Ingredients.—6 eggs, 4
oz. of butter, 3 tablespoonfuls of apricot, strawberry, or any jam that may be
preferred.
Mode.—Make
the omelet by recipe No. 1459*, only instead of doubling it over, leave it flat
in the pan. When quite firm, and nicely brown on one side, turn it carefully on
to a hot dish, spread over the middle of it the jam, and fold the omelet over
on each side; sprinkle sifted sugar over, and serve very quickly. A pretty dish
of small omelets may be made by dividing the batter into 3 or 4 portions, and
frying them separately; they should then be spread each one with a different
kind of preserve, and the omelets rolled over.

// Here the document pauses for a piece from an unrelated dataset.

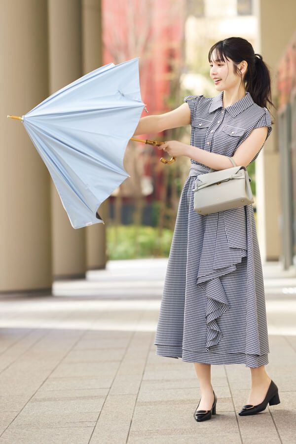 30℃を超える日は1枚でさらりと着られるワンピについ手が伸びる♡ 涼しげブルーの日傘で紫外線も万全に! 横からの日差しもしっかりカバーしてくれる大きめサイズ&深張りタイプが安心です。
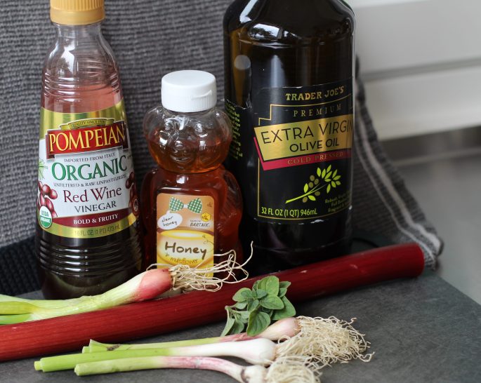 Here is a simple salad dressing using rhubarb. It is tart and sweet thanks to the honey and bright and clingy so it is suitable for heavy greens like kale or sturdy lettuces.

Always sprinkle sweet omelets
with sifted sugar before being sent to table.
Time.—4 to 6
minutes. Average cost, Is. 2d.
Sufficient for 4
persons. Seasonable at any time.
*The recipe referred to is:
TO MAKE A PLAIN SWEET OMELET.
Ingredients. —6
eggs, 4 oz. of butter, 2 oz. of sifted sugar.
Mode.—Break the eggs into a
basin, omitting the whites of 3; whisk them well, adding the sugar and 2 oz. of
the butter, which should be broken into small pieces, and stir all these
ingredients well together. Make the remainder of the butter quite hot in a
small frying pan, and when it commences to bubble, pour in the eggs, &o.
Keep stirring them until they begin to set; then turn the edges of the omelet
over, to make it an oval shape, and finish cooling it. To brown the top, hold
the pan before the fire, or use a salamander, and turn it carefully on to a very hot dish:
sprinkle sifted sugar over, and serve.
Time.—From
4 to 6 minutes. Average cost, 10d.
Sufficient for 4 persons. Seasonable at
any time.
2 comments:
Interesting how things changed so quickly. In the early 1800s, food at classy hotels and good posting inns was known to be special, and certainly when I went to England in the 1990s my friend and I had excellent food wherever we went. My brother, a francophile, sneers at the idea that British food can be good, but I have cooked a number of British recipes for him -- all of which he has liked.
Hi korenni, thanks for your input, and my apologies for not responding sooner. I have been beset with problems on my new computer and am only just emerging from a full re-set.
I travel to England regularly, and can say I manage to find good food every time.